# YOUR INSTRUCTIONS
Go to the line holding "Piñero en su etapa verdiblanca." in the data below and repeat it exactly, then each line after it up to and including the one holding "Figuur 1. Entyloma in Dahlia". Omit pictures.

+++ RECORDS TO PROCESS

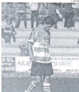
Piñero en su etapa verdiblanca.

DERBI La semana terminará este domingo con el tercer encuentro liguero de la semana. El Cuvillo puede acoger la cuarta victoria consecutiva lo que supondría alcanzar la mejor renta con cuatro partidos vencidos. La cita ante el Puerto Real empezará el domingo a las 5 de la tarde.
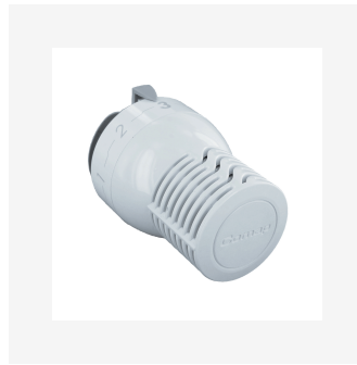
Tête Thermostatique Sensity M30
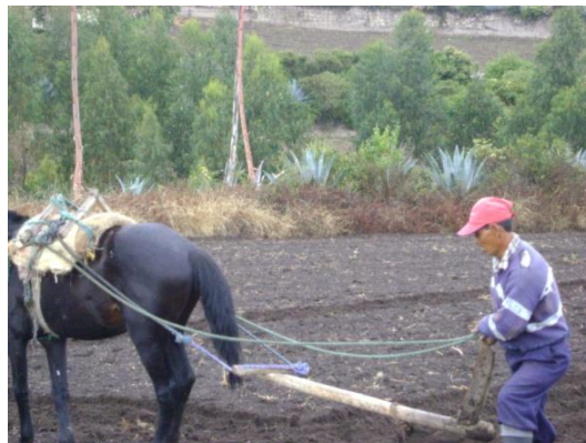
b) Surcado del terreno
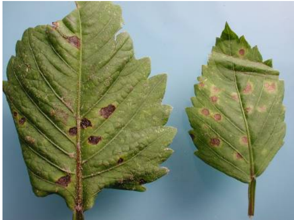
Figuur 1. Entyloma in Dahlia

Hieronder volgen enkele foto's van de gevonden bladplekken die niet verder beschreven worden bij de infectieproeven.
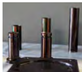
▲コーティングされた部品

++++++
+++ RECORDS TO PROCESS

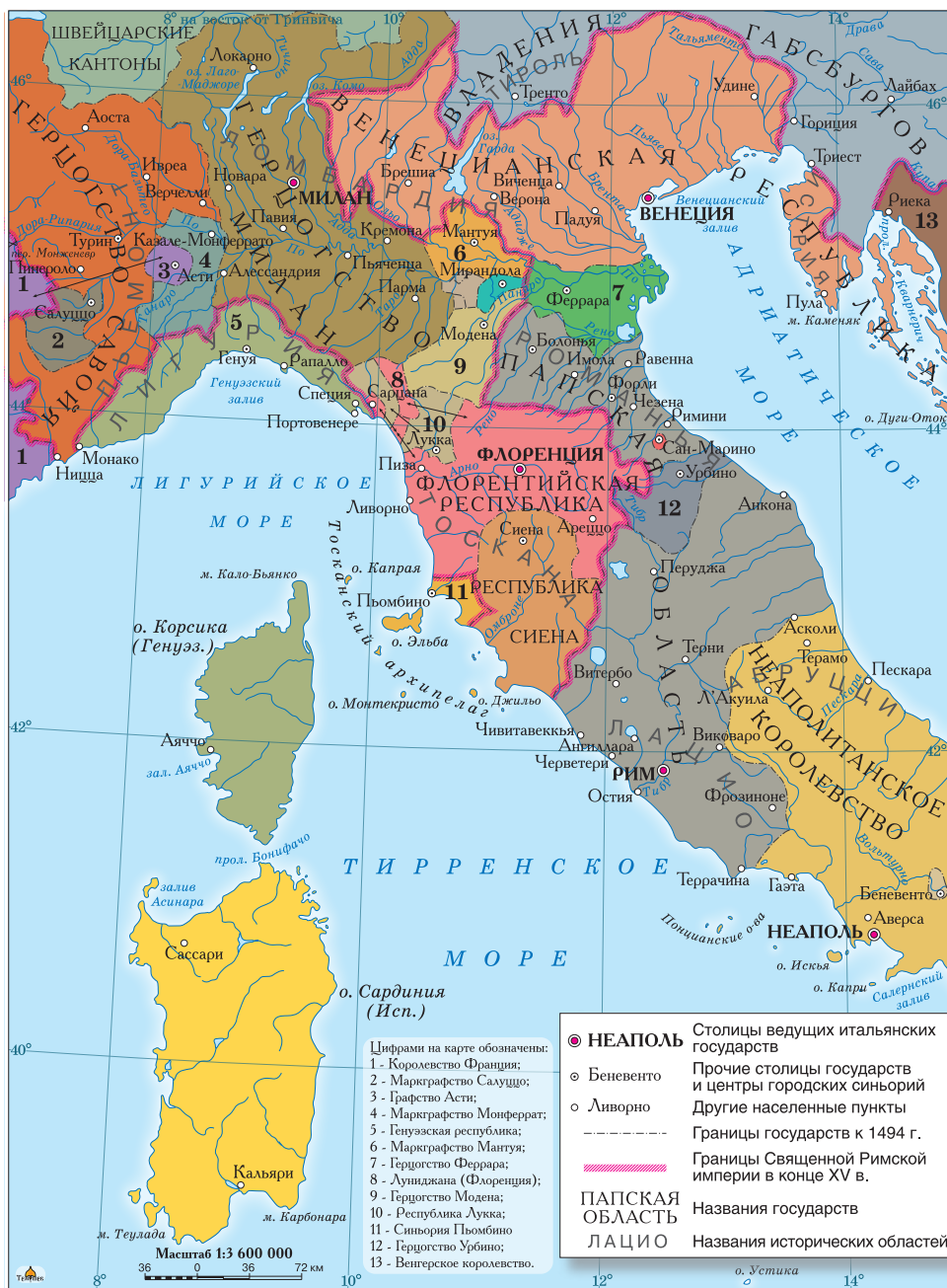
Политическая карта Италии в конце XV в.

++++++
+++ RECORDS TO PROCESS

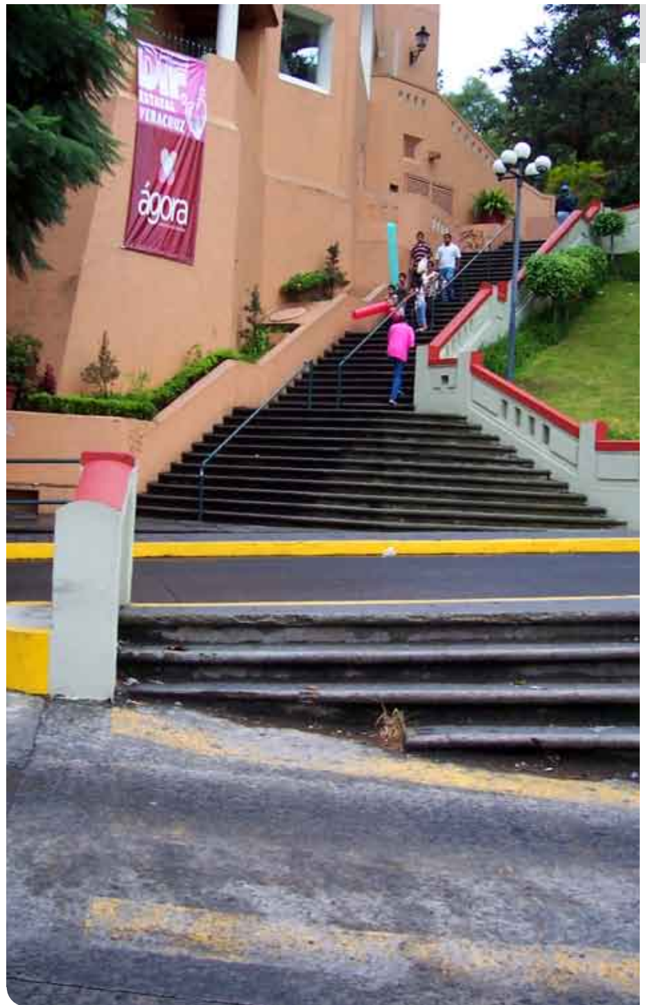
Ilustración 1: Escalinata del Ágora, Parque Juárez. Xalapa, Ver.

++++++

# EXERCISE SOLUTION
Piñero en su etapa verdiblanca.

DERBI La semana terminará este domingo con el tercer encuentro liguero de la semana. El Cuvillo puede acoger la cuarta victoria consecutiva lo que supondría alcanzar la mejor renta con cuatro partidos vencidos. La cita ante el Puerto Real empezará el domingo a las 5 de la tarde.
Tête Thermostatique Sensity M30
b) Surcado del terreno
Figuur 1. Entyloma in Dahlia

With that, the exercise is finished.